* PROBLEM REQUIREMENTS: Leaving out every picture, retype the lines below from the top through the one that contains "французской... 1812 года.".

* RECORD EXTRACTS:
━━━━━━━━━━━━━━━━━━━━━━━━━━━━━━
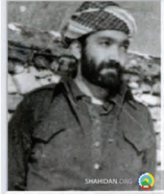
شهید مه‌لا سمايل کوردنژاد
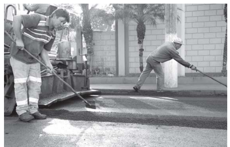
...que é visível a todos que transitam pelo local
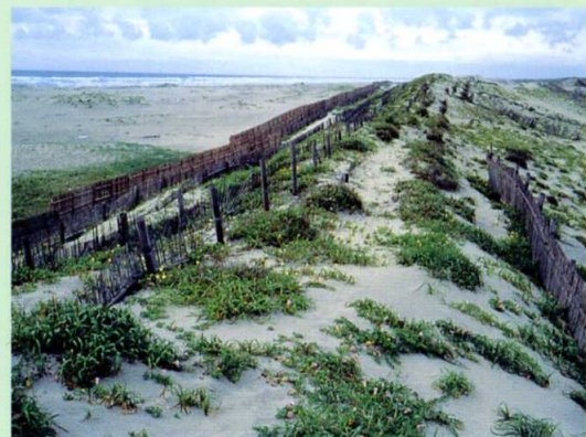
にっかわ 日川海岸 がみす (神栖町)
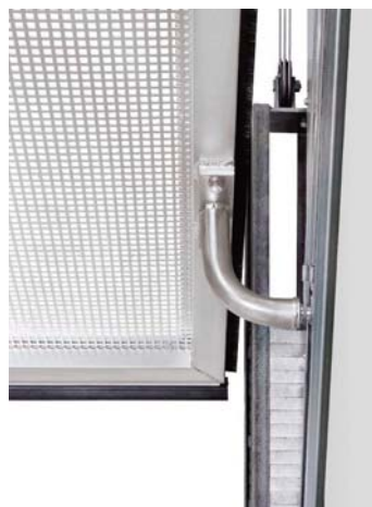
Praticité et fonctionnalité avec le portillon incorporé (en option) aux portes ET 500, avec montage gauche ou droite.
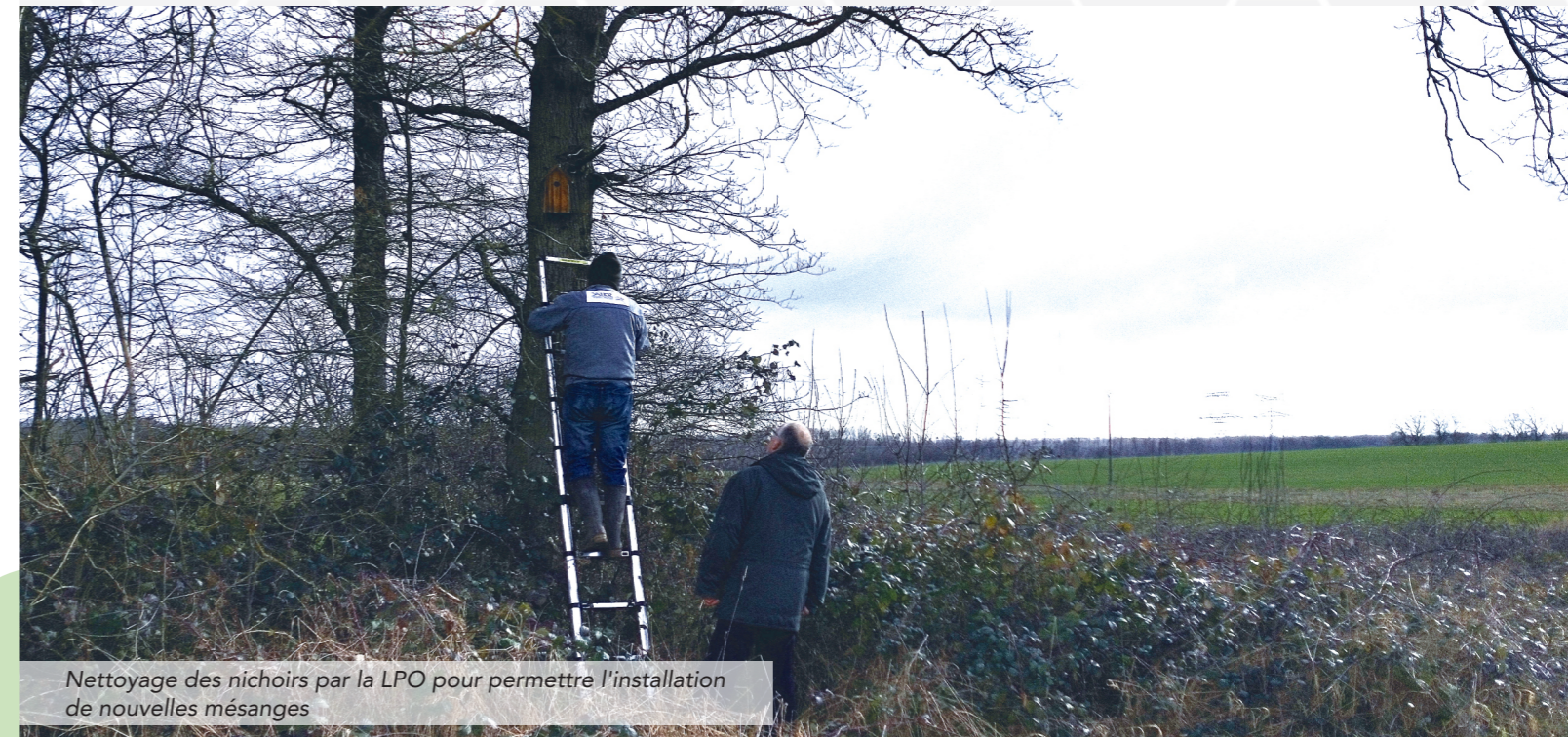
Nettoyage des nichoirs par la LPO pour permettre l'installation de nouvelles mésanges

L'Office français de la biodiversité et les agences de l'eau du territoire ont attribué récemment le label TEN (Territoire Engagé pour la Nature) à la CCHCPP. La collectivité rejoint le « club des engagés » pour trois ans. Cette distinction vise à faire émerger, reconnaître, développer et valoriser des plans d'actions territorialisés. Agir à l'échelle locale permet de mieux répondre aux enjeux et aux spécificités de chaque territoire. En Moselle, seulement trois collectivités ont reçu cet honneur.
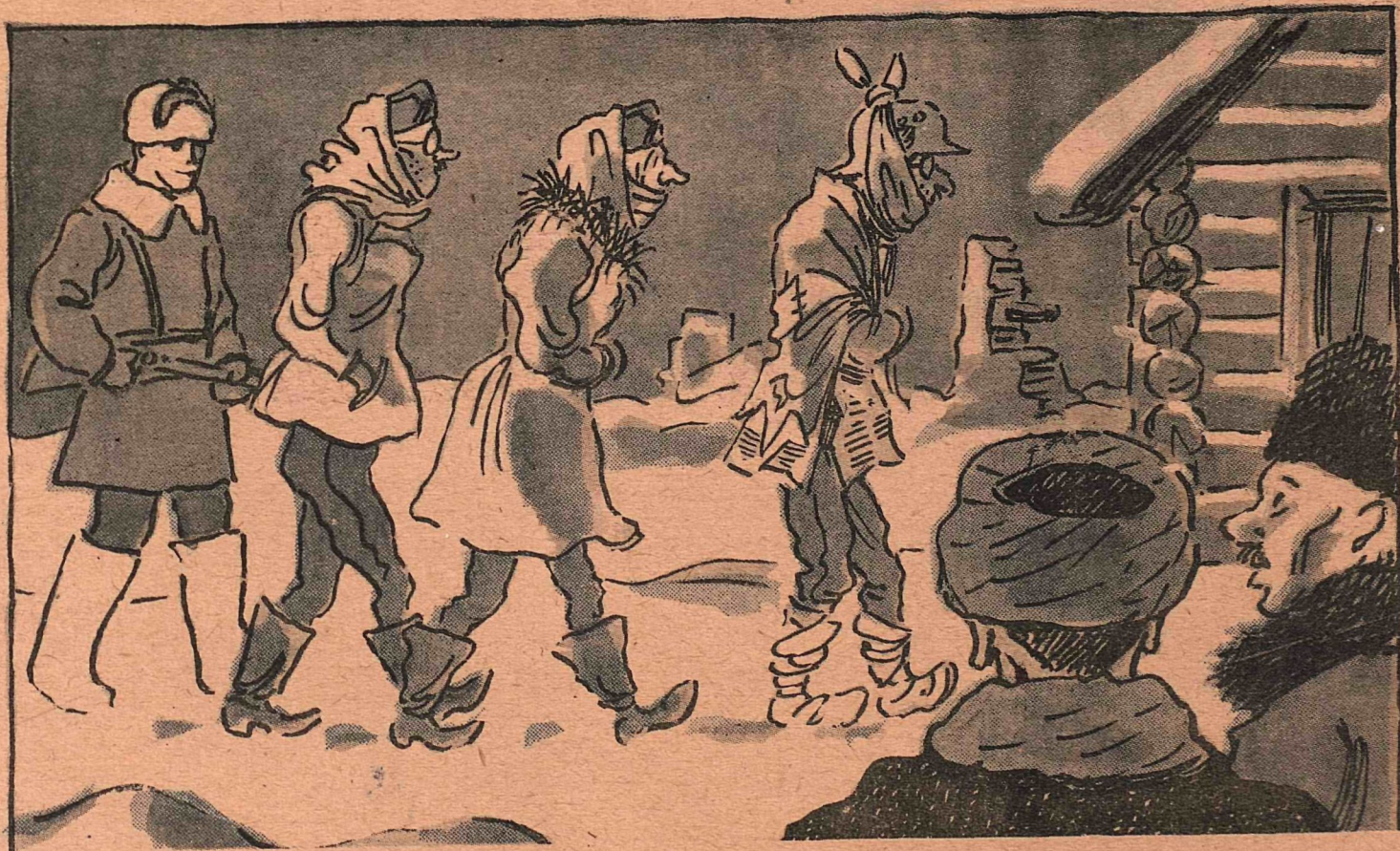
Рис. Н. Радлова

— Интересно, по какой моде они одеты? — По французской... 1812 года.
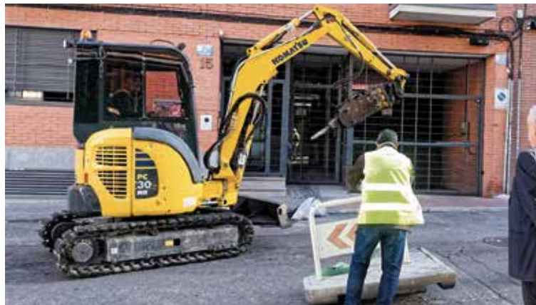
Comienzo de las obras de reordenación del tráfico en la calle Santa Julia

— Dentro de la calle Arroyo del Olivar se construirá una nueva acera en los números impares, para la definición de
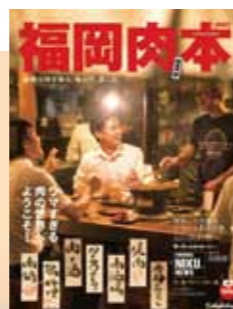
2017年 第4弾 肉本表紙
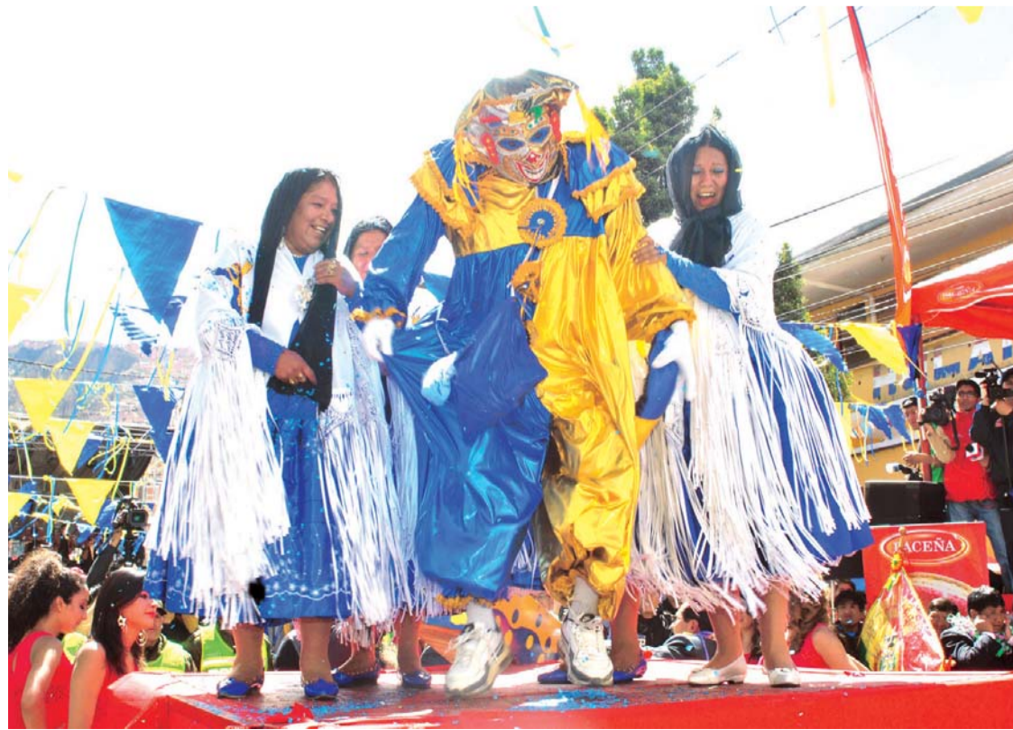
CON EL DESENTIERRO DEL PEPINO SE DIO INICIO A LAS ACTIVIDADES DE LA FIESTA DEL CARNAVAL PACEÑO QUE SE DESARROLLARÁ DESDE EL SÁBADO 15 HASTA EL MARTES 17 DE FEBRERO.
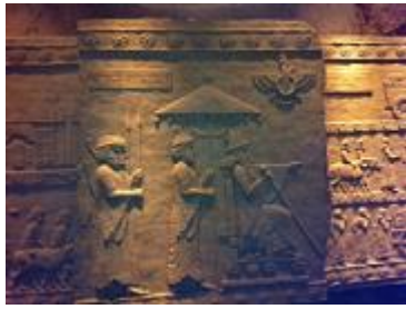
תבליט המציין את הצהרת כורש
━━━━━━━━━━━━━━━━━━━━━━━━━━━━━━
* RESULT OF THE EXERCISE:
شهید مه‌لا سمايل کوردنژاد
...que é visível a todos que transitam pelo local
にっかわ 日川海岸 がみす (神栖町)
Praticité et fonctionnalité avec le portillon incorporé (en option) aux portes ET 500, avec montage gauche ou droite.
Nettoyage des nichoirs par la LPO pour permettre l'installation de nouvelles mésanges

L'Office français de la biodiversité et les agences de l'eau du territoire ont attribué récemment le label TEN (Territoire Engagé pour la Nature) à la CCHCPP. La collectivité rejoint le « club des engagés » pour trois ans. Cette distinction vise à faire émerger, reconnaître, développer et valoriser des plans d'actions territorialisés. Agir à l'échelle locale permet de mieux répondre aux enjeux et aux spécificités de chaque territoire. En Moselle, seulement trois collectivités ont reçu cet honneur.
Рис. Н. Радлова

— Интересно, по какой моде они одеты? — По французской... 1812 года.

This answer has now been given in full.